** What to produce **
For the entries that follow, restate word for word the line containing "Brisbane in 1940", the line containing "With the worsening", and every line that lies between them.

** Excerpted data **
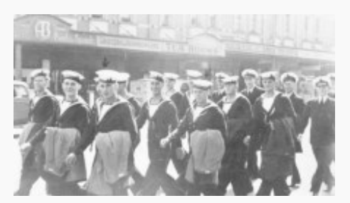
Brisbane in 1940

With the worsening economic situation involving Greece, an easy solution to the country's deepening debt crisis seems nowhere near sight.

---

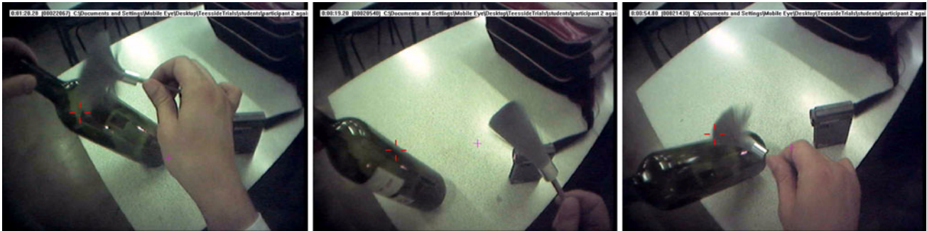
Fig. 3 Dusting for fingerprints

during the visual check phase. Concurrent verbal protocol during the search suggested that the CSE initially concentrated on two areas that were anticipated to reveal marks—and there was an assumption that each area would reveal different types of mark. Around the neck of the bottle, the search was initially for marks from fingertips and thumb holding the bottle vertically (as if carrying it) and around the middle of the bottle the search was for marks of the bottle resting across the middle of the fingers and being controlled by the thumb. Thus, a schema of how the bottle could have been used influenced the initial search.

---

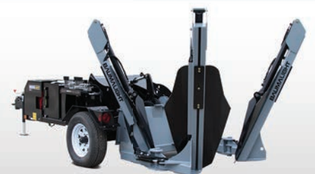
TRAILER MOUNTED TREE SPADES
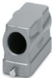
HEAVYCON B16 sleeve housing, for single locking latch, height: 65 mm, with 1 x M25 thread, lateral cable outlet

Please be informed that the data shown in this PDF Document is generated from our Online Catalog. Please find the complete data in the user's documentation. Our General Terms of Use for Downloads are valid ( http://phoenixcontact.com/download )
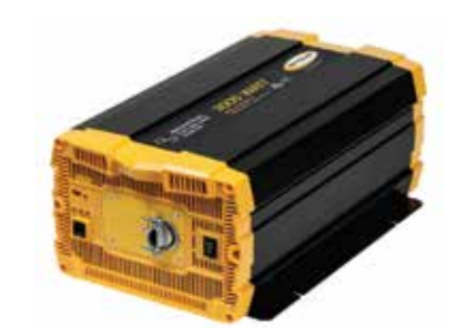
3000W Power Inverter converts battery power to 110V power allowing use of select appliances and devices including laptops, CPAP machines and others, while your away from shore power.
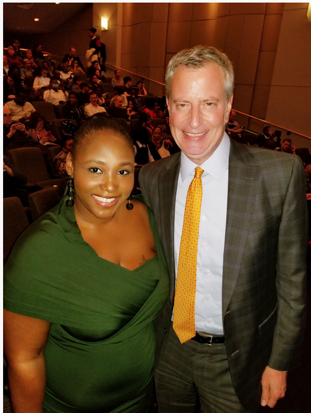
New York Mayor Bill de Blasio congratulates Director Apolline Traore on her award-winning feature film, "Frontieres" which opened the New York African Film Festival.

** Answer to this exercise **
Brisbane in 1940

With the worsening economic situation involving Greece, an easy solution to the country's deepening debt crisis seems nowhere near sight.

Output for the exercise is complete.